What needs to be done>
In the entries below, find the line containing "大粒ストーンが揺れて可愛らしいりぼんイヤリング。" and the line containing "0.1 | WOC-13R-DC |". Copy those two lines and everything between them exactly, without the pictures.

Available data>
^^^^^^^^^^^^^^^^
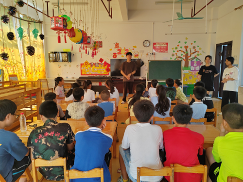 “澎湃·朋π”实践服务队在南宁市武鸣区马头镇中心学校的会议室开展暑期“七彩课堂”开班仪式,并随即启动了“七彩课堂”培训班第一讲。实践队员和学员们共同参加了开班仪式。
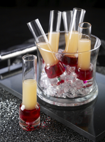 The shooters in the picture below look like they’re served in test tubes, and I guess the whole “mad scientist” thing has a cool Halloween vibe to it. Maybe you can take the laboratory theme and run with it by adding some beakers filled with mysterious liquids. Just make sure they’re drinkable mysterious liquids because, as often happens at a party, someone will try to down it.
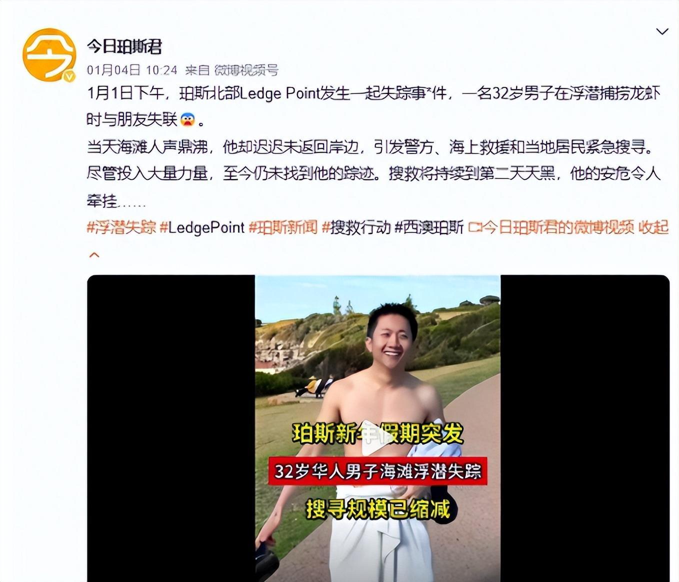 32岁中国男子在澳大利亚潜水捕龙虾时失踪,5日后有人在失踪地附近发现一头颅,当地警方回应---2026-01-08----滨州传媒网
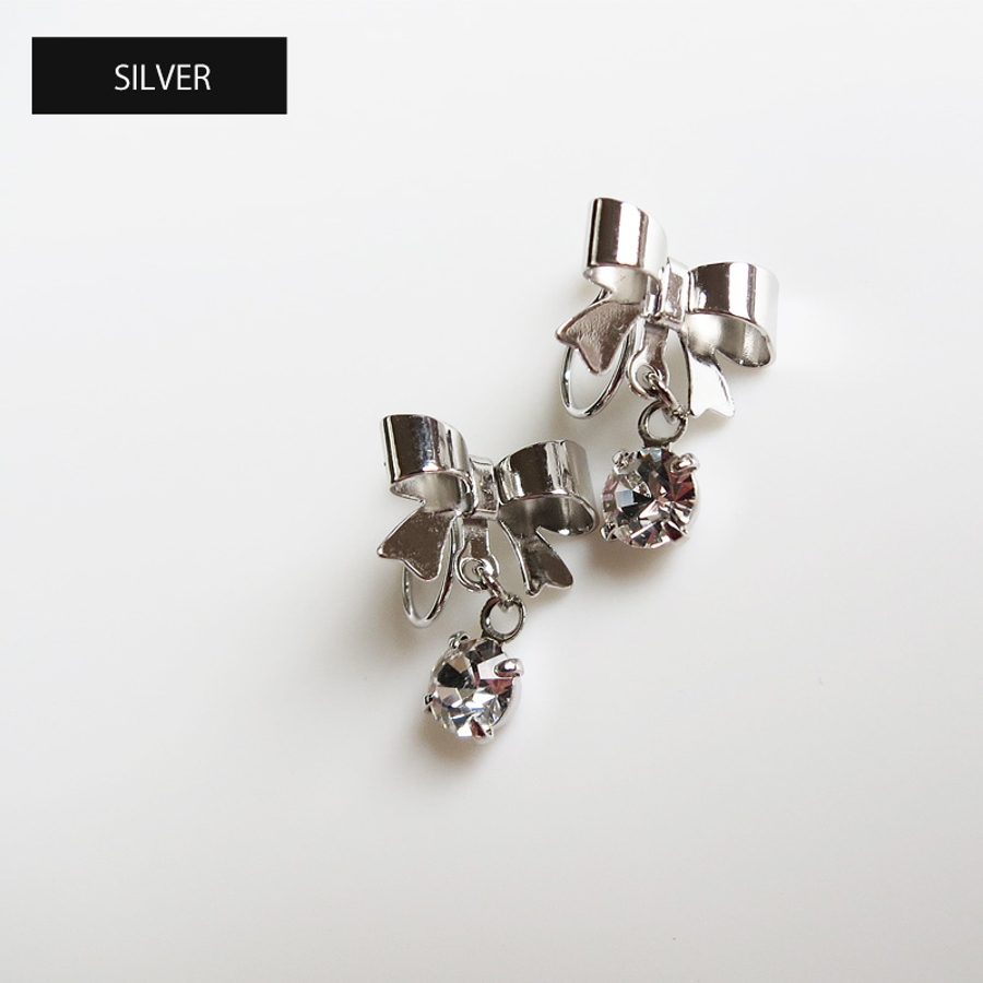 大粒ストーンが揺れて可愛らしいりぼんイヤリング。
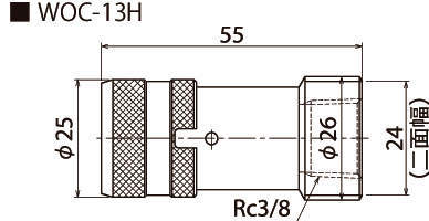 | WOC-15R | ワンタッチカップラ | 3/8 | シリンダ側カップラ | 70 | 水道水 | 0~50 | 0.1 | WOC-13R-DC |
^^^^^^^^^^^^^^^^
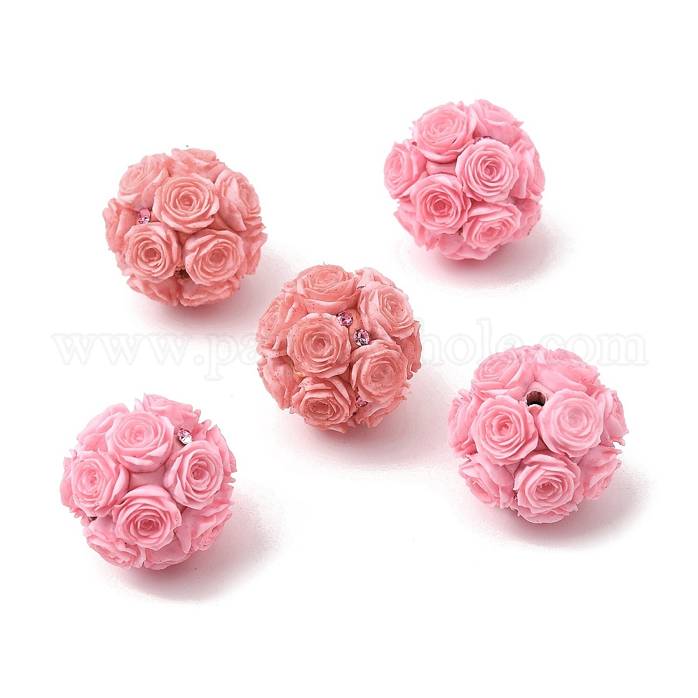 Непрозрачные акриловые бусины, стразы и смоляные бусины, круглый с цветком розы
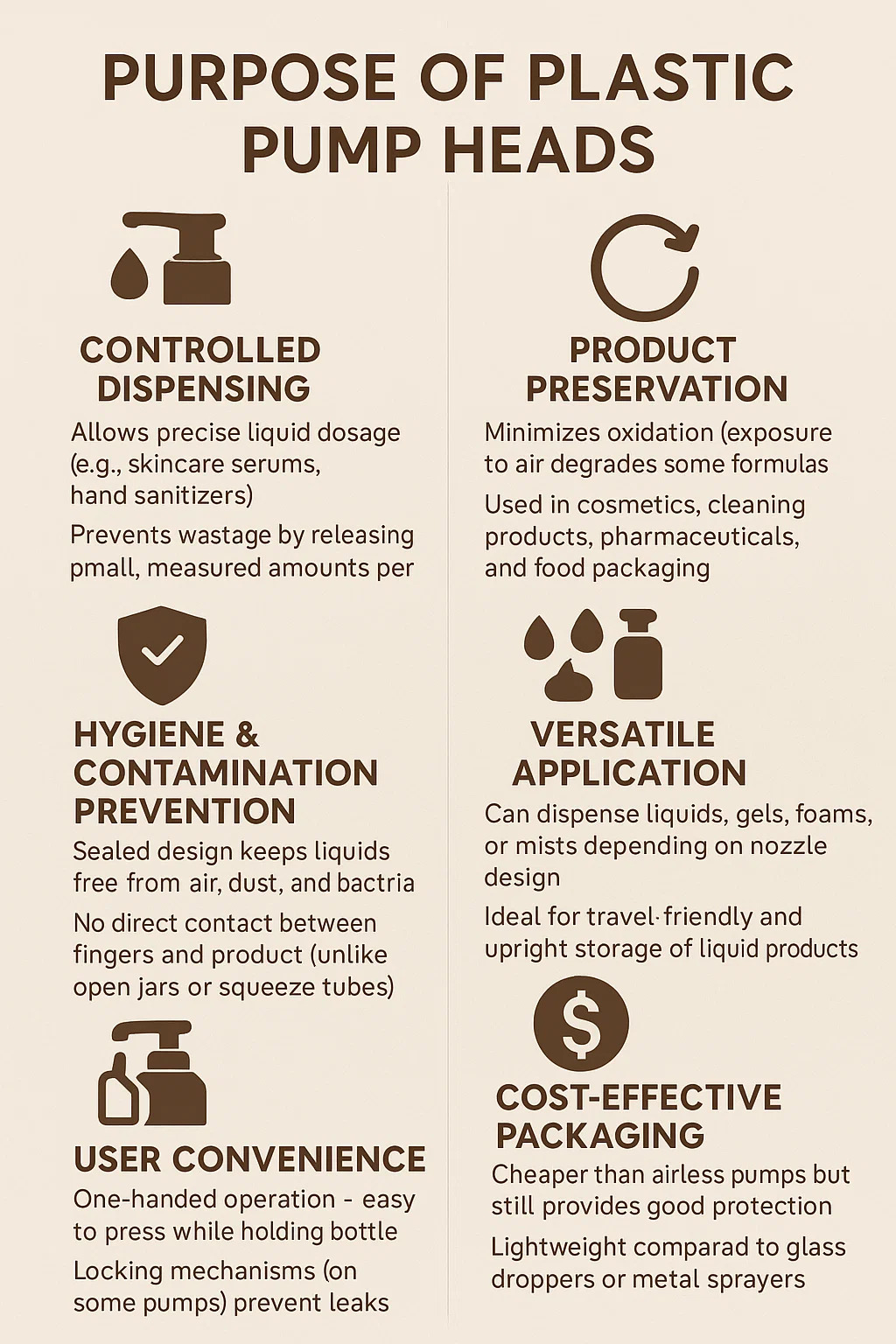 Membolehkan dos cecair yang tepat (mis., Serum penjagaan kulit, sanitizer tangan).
^^^^^^^^^^^^^^^^
Task output>
 大粒ストーンが揺れて可愛らしいりぼんイヤリング。
 | WOC-15R | ワンタッチカップラ | 3/8 | シリンダ側カップラ | 70 | 水道水 | 0~50 | 0.1 | WOC-13R-DC |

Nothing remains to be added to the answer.